Into the unforgiving world of the Puritan society was born an innocent child. However, something set her apart from the other children; she was the result of a terrible sin, adultery. Since her birth, Pearl is shunned as an outcast of society. She is tangled in a web of lies and secrets, while all she wants to know is the truth about her identity. In The Scarlet Letter by Nathaniel Hawthorne, Pearl, born into the harsh Puritan Society, symbolizes wisdom and curiosity, while at the same time she is the link between some of the main characters.
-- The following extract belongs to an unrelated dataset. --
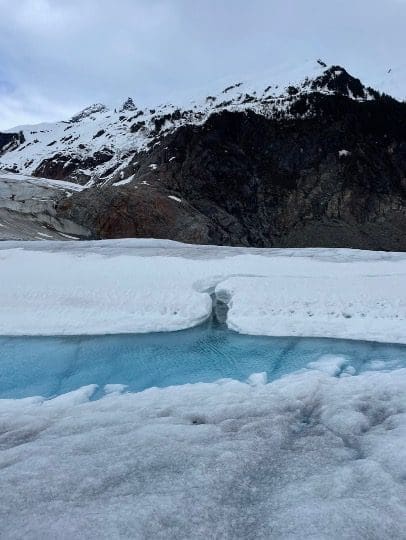 After getting all ‘geared up”, we boarded a helicopter and headed up and over the mountain and on top of the glacier…taking in the views high above Mendenhall Lake! I was surprised by the design of the glacier, layer after layer of flowing ice that created a spectacular jagged but ripple effect.

The Puritan society has a very strict set of rules and morals. Anyone who dared to commit a crime or break the law was immediately made an example of by either being executed, publicly humiliated, or put in jail, as supported by the following:

The founders of a new colony, whatever Utopia of human virtue and happiness they might originally project, have invariably recognized it among their earliest practical necessities to allot a portion of the virgin soil as a cemetery, and another portion as the site of a prison.

(45)

The Puritans believed that adultery was a very serious sin. If a person committed adultery, their punishment would be to live on the outskirts of the city, and wear the scarlet letter "A" symbolizing adultery. This letter had an extremely bad connotation as shown by one of the old dames of the city:

It were well, muttered the most iron-visaged of the old dames, if we stripped Madam Hester's rich gown off her dainty shoulders; and as for the red letter, which she hath stitched so curiously, I'll bestow a rag of mine own rheumatic flannel, to make a fitter one! (52)

Hester is convicted...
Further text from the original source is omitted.